*ASSIGNED TASK*. Your task is to transcribe the lines from the start of the data below through the line containing "Кронштейн крепления радиатора", inclusive, exactly as they stand and without the pictures.

*DATA SHOWN*.
↓

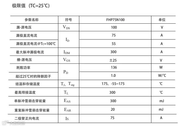市面上除了常见的HY3010型号会应用在同步整流电路上外,还有IRFB4610、NCE01H10这两款MOS管在应用,而作为小编更推荐使用优质的飞虹国产型号:FHP75N100。这一点上面也说过,究竟是为何。因此我们直接来看详细参数:
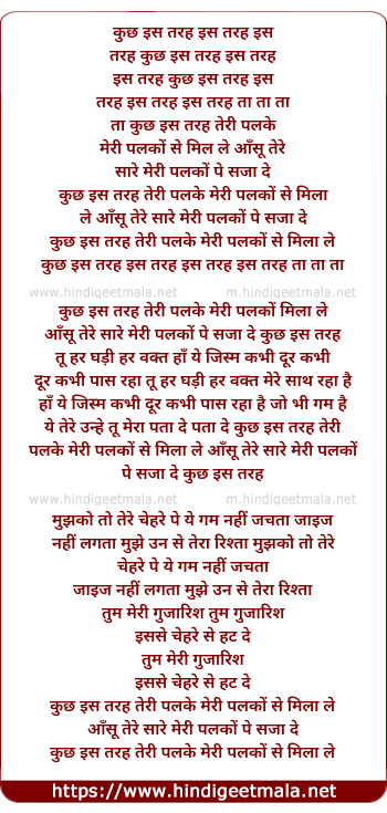 Lyrics of Kuch Is Tarah (Euro Mix) - कुछ ईस तरह (यूरो मिक्स)
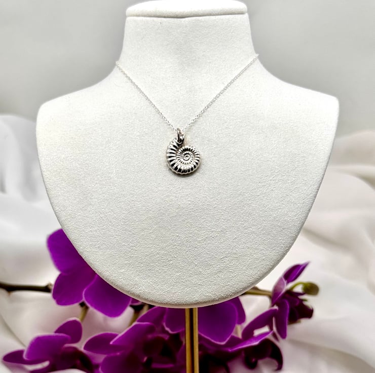 Fine Silver pendant and chain. I have handmade this necklace using eco-friendly silver metal clay. I created a silicone mould of an ammonite I found on Whitby beach, used this to make a silver cast with the metal clay, refined and then kiln fired. The result is solid 999 fine silver. The cast ammonite is created and refined by hand, resulting in a bespoke one of a kind piece.
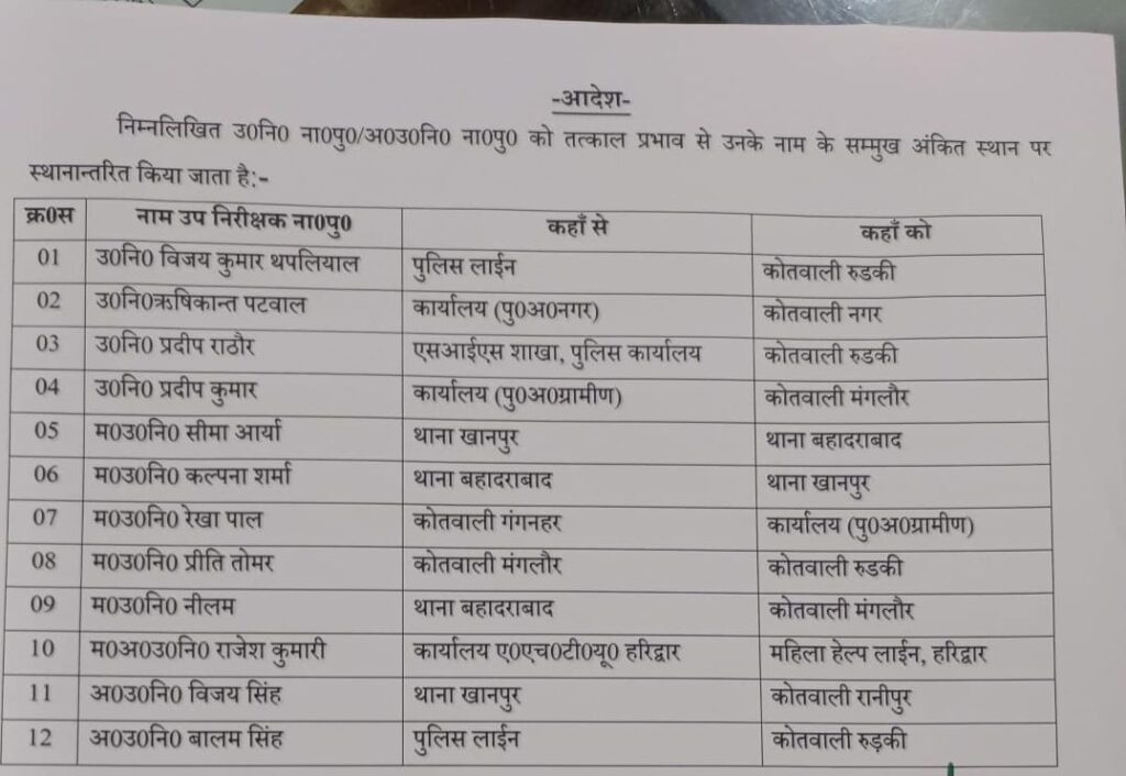 SSP प्रमेंद्र सिंह डोबाल ने किये 12 उप निरीक्षकों के तबादले March 25, 2025March 25, 2025 naveen chauhan Listen to this article न्यूज 127.हरिद्वार के एसएसपी प्रमेंद्र सिंह डोबाल ने देर शाम कई उपनिरीक्षकों के तबादले किये हैं। इनमें महिला उप निरीक्षक भी शामिल हैं, देखे सूची किसे कहां मिली नई तैनाती।
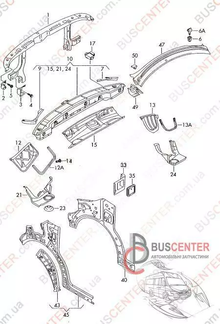 Кронштейн крепления радиатора с 2011 (крепления установочной панели передней - 1 шт) Volkswagen Transporter 7E0805731B
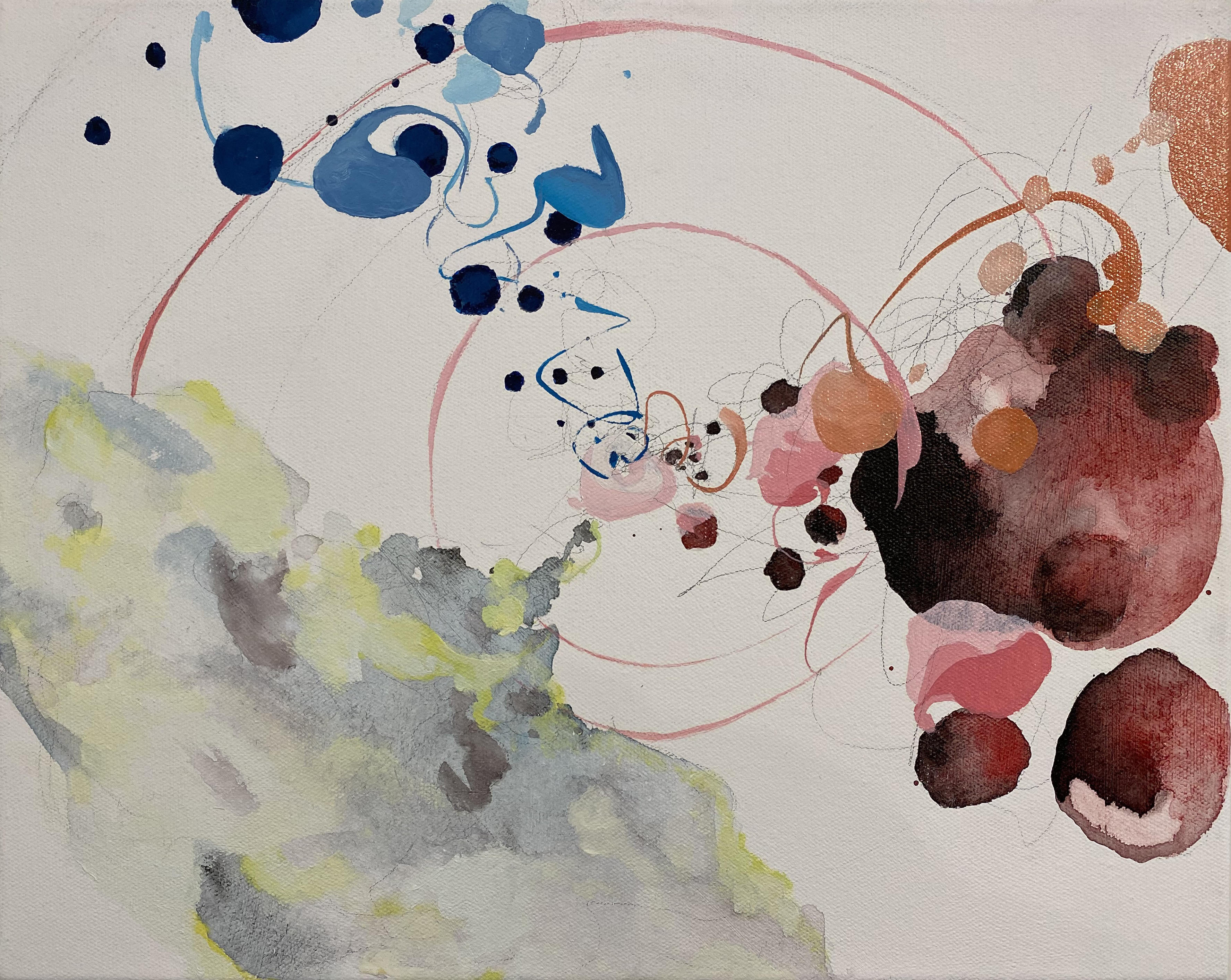 "Sun Rise 4" oil, watercolor and graphite on canvas, 20.5x20.5cm

↑

*OUTPUT OF THE TASK*.
市面上除了常见的HY3010型号会应用在同步整流电路上外,还有IRFB4610、NCE01H10这两款MOS管在应用,而作为小编更推荐使用优质的飞虹国产型号:FHP75N100。这一点上面也说过,究竟是为何。因此我们直接来看详细参数:
 Lyrics of Kuch Is Tarah (Euro Mix) - कुछ ईस तरह (यूरो मिक्स)
 Fine Silver pendant and chain. I have handmade this necklace using eco-friendly silver metal clay. I created a silicone mould of an ammonite I found on Whitby beach, used this to make a silver cast with the metal clay, refined and then kiln fired. The result is solid 999 fine silver. The cast ammonite is created and refined by hand, resulting in a bespoke one of a kind piece.
 SSP प्रमेंद्र सिंह डोबाल ने किये 12 उप निरीक्षकों के तबादले March 25, 2025March 25, 2025 naveen chauhan Listen to this article न्यूज 127.हरिद्वार के एसएसपी प्रमेंद्र सिंह डोबाल ने देर शाम कई उपनिरीक्षकों के तबादले किये हैं। इनमें महिला उप निरीक्षक भी शामिल हैं, देखे सूची किसे कहां मिली नई तैनाती।
 Кронштейн крепления радиатора с 2011 (крепления установочной панели передней - 1 шт) Volkswagen Transporter 7E0805731B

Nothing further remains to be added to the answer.